With initiative-driven development, IT departments have to connect the dots between new, and potentially disparate, services and systems. With evidence-based development new services branch from existing as demands change. Like the evolutionary tree, where environmental demands create unique species through incremental iterations, each new species based on a previous success, yet slightly different to better meet the new conditions, campus technology should also be an evolutionary process. Working from existing successes (i.e. implementations) and the known, must be a better process than taking on the unknown with limited experience.
Above: Feedback from users add functionality through time. The issues raised are based on real-world use of existing systems. Once the web page is up, users recognize the need for a uniform look and feel. Once more people are online, users need more than just content, they expect interactivity (forms). As more content and functionality comes online, users need content manaement. Administrative content leads to academic content management, and so on. Each enhancement is only an incrmental advancement in functionality and technology. The majority of staff, skills and infrastructure needed for the enhancement are already in place supporting the exisitng service/system.
Above: Suggestions or initiatives may not be rooted in existing services. Therefore their development may require staff, skills, or infrastructure not currently available within the IT department. This is a huge risk as there is no one who can accuratly assess the departments ability at successfully inplement the initiative. Interestingly, becuase the staff will need to learn and implment many of the critical technologies required to implment the initative, timeframes and total costs will be same as in the evolutionary approach. Again, however, because development will focus on discovery rather than application, it can be presumed that costs, time and overall, risk, will increace beyond the comfortability of senior management, end-users and your own department.

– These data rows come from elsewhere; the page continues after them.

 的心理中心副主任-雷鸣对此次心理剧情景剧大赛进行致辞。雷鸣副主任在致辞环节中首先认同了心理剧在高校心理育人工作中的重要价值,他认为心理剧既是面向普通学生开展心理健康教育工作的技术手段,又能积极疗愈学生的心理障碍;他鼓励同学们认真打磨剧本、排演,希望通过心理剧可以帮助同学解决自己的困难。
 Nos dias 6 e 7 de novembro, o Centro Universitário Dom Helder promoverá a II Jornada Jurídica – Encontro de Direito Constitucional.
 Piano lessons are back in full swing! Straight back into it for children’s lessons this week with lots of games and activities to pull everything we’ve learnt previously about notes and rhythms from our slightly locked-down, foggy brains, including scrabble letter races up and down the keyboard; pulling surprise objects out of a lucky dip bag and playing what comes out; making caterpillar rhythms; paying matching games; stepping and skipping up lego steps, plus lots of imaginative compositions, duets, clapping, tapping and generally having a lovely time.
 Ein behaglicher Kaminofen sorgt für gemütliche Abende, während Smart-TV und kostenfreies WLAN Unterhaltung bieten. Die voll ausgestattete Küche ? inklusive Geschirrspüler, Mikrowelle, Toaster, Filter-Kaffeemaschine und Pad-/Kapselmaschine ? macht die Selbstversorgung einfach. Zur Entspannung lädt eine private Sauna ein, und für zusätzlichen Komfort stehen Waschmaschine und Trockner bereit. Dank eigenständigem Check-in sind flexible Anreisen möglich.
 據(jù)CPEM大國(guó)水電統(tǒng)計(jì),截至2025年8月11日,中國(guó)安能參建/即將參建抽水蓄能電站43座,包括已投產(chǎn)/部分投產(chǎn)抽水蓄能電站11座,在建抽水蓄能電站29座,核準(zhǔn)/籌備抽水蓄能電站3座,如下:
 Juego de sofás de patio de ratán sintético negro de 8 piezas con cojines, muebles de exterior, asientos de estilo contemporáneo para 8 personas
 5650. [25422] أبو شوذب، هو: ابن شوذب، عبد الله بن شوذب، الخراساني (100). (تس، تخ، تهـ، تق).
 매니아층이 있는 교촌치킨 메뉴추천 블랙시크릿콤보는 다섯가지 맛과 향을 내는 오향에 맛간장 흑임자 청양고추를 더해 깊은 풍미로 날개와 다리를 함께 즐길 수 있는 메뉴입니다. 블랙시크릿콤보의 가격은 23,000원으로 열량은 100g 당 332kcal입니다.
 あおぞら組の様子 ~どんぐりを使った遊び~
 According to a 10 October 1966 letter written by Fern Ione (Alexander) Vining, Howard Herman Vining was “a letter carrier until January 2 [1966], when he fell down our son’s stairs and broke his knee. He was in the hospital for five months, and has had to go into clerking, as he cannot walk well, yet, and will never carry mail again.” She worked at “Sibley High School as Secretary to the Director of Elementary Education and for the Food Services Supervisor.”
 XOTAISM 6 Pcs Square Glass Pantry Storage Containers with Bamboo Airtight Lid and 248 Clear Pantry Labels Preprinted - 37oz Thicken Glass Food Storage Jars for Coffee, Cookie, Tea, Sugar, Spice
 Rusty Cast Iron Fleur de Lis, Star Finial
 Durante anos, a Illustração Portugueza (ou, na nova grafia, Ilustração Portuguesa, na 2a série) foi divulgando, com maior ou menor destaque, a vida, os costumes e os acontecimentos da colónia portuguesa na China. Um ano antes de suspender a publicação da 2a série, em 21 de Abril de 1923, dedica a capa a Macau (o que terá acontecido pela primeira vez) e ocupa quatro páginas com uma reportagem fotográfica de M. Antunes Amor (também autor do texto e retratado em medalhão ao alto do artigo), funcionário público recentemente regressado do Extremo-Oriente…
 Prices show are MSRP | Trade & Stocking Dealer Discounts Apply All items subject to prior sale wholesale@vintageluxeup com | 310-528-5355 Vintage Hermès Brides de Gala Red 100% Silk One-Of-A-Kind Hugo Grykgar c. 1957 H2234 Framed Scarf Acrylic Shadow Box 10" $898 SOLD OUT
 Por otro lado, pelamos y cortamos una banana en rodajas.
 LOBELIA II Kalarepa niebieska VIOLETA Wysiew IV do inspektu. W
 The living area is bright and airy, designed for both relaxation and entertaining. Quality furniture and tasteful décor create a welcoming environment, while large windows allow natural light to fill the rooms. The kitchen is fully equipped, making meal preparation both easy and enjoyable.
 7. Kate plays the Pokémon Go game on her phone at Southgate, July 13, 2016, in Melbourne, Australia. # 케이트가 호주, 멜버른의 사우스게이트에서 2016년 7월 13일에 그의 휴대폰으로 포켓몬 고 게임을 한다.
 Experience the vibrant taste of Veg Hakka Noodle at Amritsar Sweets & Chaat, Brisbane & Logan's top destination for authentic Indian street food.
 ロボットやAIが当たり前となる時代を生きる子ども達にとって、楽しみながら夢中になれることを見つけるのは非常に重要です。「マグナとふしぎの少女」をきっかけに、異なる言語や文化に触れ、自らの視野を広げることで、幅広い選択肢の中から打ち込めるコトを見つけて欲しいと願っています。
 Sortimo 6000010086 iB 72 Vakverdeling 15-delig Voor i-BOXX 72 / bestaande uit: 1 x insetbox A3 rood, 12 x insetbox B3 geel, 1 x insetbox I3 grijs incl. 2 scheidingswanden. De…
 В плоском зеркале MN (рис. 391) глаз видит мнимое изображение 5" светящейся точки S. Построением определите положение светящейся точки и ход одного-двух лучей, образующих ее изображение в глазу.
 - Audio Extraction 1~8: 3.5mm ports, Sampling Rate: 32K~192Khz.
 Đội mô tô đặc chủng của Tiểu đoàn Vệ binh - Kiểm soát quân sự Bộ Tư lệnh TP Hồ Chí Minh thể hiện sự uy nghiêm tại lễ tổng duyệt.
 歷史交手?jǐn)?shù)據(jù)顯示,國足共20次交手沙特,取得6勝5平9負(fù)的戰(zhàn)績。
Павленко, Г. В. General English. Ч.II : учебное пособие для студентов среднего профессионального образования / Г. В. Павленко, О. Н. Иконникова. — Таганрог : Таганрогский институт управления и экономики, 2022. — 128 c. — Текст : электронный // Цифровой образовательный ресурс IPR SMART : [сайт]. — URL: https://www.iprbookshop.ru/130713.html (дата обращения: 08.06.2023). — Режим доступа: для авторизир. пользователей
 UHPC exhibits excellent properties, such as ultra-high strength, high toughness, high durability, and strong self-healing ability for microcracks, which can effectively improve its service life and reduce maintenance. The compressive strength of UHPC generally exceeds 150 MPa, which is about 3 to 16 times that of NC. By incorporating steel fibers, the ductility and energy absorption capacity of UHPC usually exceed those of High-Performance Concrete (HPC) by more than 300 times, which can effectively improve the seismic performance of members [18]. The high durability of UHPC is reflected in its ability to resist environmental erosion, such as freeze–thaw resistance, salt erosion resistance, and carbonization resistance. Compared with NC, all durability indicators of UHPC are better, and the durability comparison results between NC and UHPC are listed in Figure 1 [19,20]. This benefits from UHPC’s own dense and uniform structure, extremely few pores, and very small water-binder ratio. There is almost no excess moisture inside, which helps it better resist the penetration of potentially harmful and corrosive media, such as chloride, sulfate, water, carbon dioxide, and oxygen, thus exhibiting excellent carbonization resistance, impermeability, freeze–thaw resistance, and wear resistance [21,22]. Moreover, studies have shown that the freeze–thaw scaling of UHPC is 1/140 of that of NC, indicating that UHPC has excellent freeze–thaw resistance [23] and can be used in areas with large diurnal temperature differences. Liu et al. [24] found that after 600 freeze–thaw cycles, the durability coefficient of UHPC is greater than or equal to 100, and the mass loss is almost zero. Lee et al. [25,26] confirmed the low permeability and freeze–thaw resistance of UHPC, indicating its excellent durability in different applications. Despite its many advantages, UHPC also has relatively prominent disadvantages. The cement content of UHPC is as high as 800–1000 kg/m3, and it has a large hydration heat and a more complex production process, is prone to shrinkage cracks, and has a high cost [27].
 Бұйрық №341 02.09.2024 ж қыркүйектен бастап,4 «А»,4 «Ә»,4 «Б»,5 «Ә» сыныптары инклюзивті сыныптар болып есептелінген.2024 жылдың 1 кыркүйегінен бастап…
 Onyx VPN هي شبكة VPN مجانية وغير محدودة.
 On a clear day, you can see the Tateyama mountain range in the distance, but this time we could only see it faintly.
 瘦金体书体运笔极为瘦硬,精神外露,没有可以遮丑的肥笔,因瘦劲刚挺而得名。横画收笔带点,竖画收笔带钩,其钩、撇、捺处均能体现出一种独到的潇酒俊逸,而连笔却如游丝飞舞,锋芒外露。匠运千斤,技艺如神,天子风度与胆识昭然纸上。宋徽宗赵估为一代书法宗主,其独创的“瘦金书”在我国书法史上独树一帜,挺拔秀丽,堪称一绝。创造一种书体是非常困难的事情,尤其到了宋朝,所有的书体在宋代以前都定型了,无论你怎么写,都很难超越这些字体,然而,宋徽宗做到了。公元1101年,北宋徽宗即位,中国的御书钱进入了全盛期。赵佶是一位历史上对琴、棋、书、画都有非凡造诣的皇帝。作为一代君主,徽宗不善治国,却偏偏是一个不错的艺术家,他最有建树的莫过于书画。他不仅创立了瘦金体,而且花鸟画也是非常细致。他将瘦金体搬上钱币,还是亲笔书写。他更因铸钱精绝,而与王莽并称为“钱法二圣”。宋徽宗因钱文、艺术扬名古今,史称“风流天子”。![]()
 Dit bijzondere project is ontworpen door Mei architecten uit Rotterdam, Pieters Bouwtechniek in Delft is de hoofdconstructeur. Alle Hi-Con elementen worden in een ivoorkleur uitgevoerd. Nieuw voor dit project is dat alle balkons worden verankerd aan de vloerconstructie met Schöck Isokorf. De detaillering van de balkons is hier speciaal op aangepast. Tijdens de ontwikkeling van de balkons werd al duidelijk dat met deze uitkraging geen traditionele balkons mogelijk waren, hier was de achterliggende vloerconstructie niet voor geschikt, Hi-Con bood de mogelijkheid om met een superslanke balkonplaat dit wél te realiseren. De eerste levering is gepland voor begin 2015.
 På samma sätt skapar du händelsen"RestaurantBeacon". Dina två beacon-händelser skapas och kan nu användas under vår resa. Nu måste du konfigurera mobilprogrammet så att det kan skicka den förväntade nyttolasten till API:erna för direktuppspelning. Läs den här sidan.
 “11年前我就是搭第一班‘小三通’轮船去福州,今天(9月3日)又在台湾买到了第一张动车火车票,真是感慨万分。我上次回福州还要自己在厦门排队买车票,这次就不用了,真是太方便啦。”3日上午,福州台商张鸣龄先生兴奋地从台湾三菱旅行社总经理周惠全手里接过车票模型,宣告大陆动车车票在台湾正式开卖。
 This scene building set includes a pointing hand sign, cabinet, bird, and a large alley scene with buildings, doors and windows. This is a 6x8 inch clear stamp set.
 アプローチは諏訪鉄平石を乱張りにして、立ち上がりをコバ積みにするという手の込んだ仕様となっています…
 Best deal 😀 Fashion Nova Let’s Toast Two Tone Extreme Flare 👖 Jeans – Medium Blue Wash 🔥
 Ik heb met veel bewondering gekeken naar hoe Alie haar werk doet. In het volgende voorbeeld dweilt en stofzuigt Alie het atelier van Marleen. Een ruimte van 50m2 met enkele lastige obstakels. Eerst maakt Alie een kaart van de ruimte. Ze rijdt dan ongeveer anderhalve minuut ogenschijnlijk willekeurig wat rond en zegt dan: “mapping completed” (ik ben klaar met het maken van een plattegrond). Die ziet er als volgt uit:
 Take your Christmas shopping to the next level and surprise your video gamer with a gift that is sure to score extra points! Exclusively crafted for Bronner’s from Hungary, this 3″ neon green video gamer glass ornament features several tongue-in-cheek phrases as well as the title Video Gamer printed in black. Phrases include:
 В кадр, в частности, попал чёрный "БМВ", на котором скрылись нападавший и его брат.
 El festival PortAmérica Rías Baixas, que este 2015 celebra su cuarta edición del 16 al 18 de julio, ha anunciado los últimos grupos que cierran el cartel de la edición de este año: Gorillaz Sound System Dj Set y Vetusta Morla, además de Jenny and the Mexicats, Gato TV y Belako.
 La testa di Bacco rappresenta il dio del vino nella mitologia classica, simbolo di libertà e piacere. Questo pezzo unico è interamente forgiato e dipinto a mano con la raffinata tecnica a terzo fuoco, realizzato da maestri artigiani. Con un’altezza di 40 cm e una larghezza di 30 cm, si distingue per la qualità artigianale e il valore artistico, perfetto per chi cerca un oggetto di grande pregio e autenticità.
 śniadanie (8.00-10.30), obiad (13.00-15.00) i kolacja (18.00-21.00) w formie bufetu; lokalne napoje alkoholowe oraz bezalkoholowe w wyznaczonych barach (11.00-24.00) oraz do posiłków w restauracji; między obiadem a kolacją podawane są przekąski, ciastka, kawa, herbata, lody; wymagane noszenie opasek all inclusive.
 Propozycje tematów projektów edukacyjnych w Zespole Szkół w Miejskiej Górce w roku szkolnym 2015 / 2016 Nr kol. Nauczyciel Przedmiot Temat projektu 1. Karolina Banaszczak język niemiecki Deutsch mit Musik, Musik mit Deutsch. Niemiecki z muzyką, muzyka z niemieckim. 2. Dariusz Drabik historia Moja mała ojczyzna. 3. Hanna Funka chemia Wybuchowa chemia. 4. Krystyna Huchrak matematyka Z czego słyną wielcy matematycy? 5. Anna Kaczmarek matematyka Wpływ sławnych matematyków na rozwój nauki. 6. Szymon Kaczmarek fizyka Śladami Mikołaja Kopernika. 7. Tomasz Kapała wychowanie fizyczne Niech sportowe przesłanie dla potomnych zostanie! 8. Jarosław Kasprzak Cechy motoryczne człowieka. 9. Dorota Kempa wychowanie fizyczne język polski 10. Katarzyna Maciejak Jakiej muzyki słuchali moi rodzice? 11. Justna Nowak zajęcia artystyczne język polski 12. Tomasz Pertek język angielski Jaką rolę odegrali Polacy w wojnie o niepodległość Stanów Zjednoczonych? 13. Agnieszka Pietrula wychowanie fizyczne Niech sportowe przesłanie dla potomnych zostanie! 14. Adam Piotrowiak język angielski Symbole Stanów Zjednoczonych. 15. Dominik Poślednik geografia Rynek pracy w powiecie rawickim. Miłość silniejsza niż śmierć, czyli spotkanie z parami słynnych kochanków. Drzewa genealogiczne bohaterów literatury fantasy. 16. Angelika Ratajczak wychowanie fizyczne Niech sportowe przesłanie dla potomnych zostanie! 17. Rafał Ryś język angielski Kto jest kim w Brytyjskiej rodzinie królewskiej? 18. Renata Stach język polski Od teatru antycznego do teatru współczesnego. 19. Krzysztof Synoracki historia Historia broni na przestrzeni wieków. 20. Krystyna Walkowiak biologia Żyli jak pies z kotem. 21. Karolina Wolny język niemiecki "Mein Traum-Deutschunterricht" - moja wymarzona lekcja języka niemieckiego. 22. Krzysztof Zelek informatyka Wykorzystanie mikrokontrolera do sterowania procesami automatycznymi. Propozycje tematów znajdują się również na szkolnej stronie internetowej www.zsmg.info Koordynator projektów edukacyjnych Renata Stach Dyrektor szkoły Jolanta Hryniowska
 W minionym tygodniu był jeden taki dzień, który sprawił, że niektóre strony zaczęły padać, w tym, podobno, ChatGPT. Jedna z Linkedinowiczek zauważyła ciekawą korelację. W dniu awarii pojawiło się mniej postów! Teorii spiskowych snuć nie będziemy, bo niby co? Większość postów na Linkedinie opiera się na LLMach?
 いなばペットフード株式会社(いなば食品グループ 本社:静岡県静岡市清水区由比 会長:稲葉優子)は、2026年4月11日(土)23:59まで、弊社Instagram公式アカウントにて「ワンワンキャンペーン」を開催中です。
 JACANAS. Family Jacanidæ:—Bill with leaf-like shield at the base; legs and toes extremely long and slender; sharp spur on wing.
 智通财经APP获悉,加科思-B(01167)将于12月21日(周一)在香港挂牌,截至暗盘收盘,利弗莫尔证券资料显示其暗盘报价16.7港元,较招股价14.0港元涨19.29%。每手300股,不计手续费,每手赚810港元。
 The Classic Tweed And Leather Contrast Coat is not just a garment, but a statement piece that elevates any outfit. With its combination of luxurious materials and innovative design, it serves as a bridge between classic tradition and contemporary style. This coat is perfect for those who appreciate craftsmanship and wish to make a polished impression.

Implementing a service center is more than providing help desk services, if done correctly it can be the focal point for identifying not IT needs, but campus needs—an emergent process where the themes captured from user feedback presents future development. If you believe you and your IT department should facilitate and not mandate (if you’re tired of out-of-the-blue top-down initiatives), then providing your stakeholders with real-world user feedback for evidence-based decision-making will create the appreciative and collaborative community you are looking for. You can take control of project development based on needs and not wants. So please consider my suggestion and drop the suggestion box.